Empty Council Chambers as students waits for more to arrive along with the Council Member Denise Davis to begin the meeting (MAURICIO PLIEGO/Ethic News photo)

Council Member Denise Davis, who represents the first district in the city of Redlands, has started a group for the students of Redlands Unified School District, called the Redlands Youth Council.

A total of 30 students from various schools in the RUSD such as Citrus Valley High School, Redlands High School, Redlands East Valley High School, Loma Linda Academy and the Grove High School applied and were accepted into the program.

Since Davis, the director of the Women’s Resource Center at the University of California, Riverside and adjunct faculty member at the University of Redlands, has recently been interested in having more people involved in the political process, she started the Redlands Youth Council.

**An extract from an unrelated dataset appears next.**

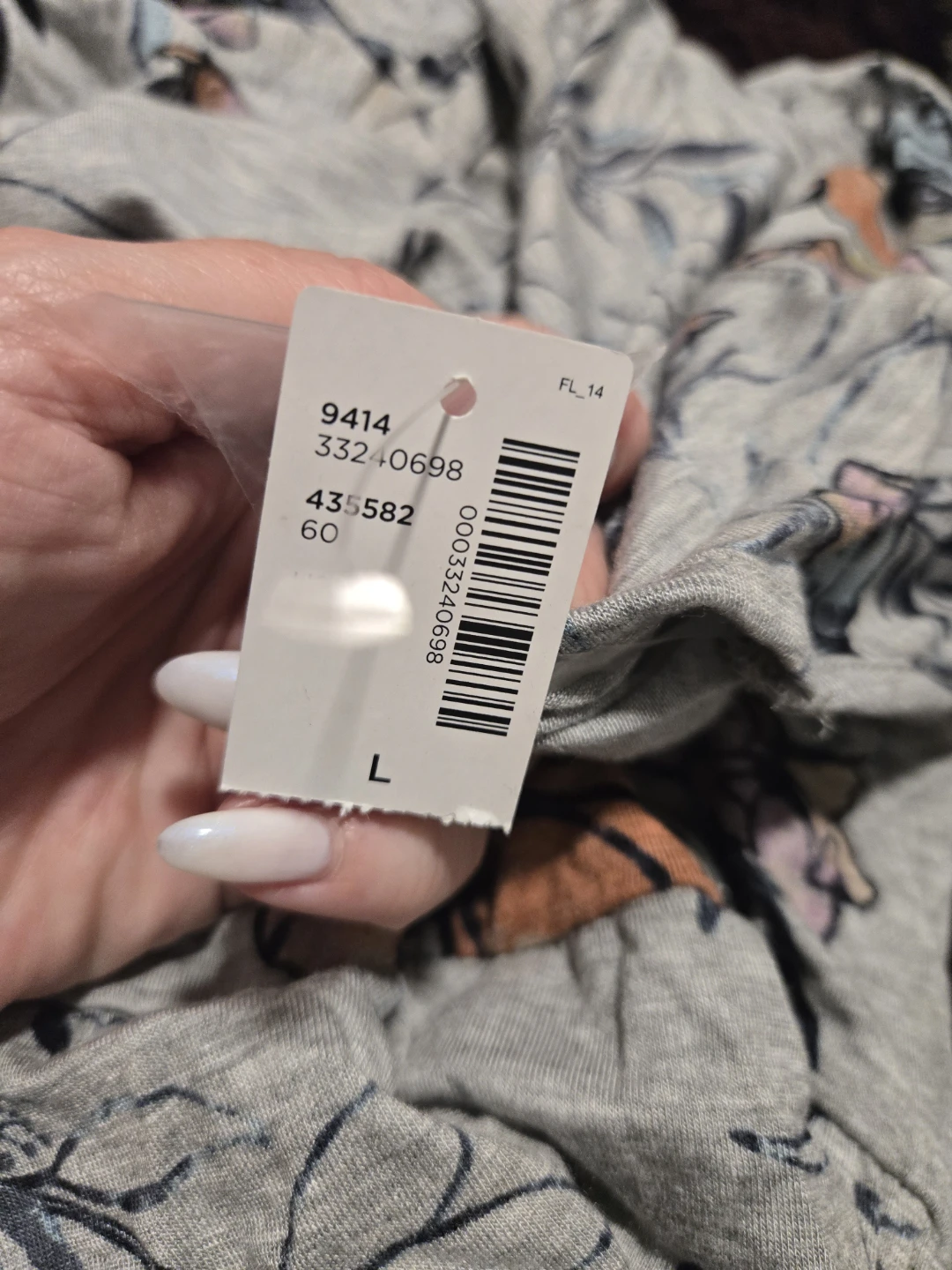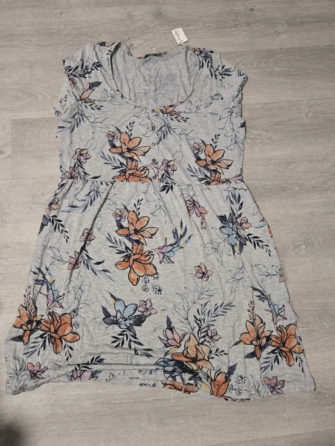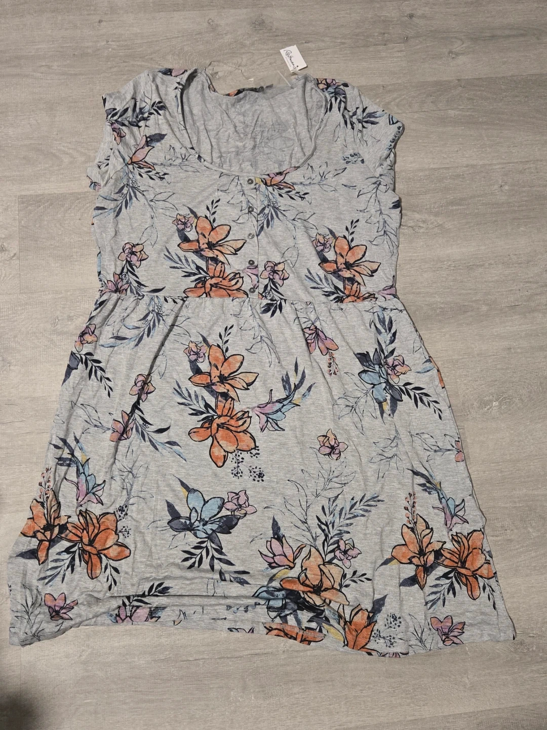 A lovely floral dress in size Large. The dress features a beautiful floral pattern in shades of blue, orange, and grey.

Davis says, “I wish that I had more education on local government and civic engagement when I was in high school, so I’m thrilled to have this opportunity to engage with high school students in Redlands.”

Zaid Hintzman, a Redlands High School senior, is a member of the council, Redlands High School president of Speech and Debate and an organizer with GenVocal.

Hintzman says, “I was interested in the council because Councilwoman Davis seemed genuinely interested in empowering students to make changes.”

The purpose of the Redlands Youth Council is to educate students about local government and civic engagement. But, it is also a place where they can share concerns and work together to solve problems within the city.

Charles M. Duggan, the Redlands City Manager, is speaking to the students and answering their questions related to climate change and homelessness. Duggan oversees the different departments and manages the everyday operations of the city. (Photo courtesy of Denise Davis)

 Miyah Lopez and Mauricio Pliego stand with Denise Davis as leaders of the recent Students For Change movements in the Redlands Unified School District. (Photo courtesy of Taryn Thomas)

The council will have an indirect role in affecting decisions made within the city. Members of the council will have a chance to interact with other council members, city staff and others who impact the decisions within the city, according to Davis. 

She says, “The youth council will advise me on policy issues that they feel need to be addressed in the city of Redlands.”

One of the many members is Miyah Lopez, a senior at Citrus Valley. She is the executive director of Blackhawks for Change, a student-led initiative meant to bring awareness to social issues within the Citrus Valley campus and the city around it.

Lopez says, “I thought that it would be an amazing opportunity to be educated on the structure of local government and I wanted to make a change in our community. In this, I hope to increase the diversity in our system, increase racial equality in our community and try to make Redlands a safe place for all.”